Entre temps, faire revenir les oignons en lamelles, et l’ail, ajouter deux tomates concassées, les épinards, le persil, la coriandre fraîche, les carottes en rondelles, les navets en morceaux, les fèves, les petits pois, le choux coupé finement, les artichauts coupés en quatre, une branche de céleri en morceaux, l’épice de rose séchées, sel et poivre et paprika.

---

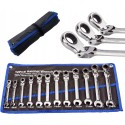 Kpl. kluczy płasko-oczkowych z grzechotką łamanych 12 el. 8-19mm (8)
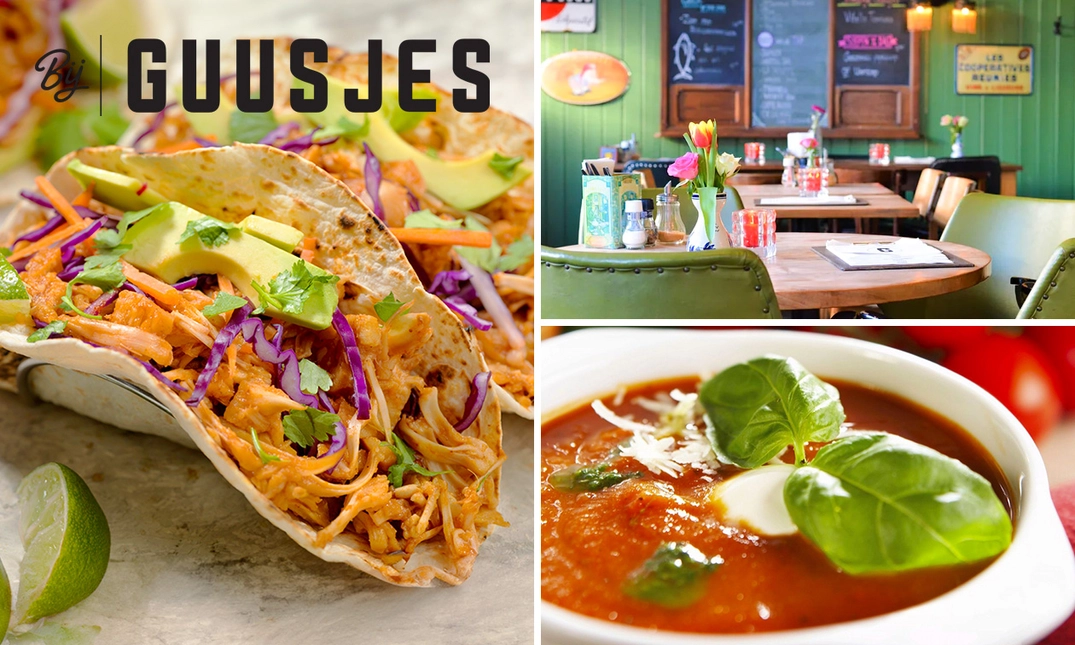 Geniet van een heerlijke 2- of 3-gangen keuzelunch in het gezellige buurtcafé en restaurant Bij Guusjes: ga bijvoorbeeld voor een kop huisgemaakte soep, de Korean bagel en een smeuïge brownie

### [DIRECTIONS FOR THIS TASK]
The lines to reproduce run from the one above containing "Kpl. kluczy płasko-oczkowych" through the one containing "Geniet van een". Copy them exactly and leave out all pictures.

### [WRITTEN RESPONSE]
 Kpl. kluczy płasko-oczkowych z grzechotką łamanych 12 el. 8-19mm (8)
 Geniet van een heerlijke 2- of 3-gangen keuzelunch in het gezellige buurtcafé en restaurant Bij Guusjes: ga bijvoorbeeld voor een kop huisgemaakte soep, de Korean bagel en een smeuïge brownie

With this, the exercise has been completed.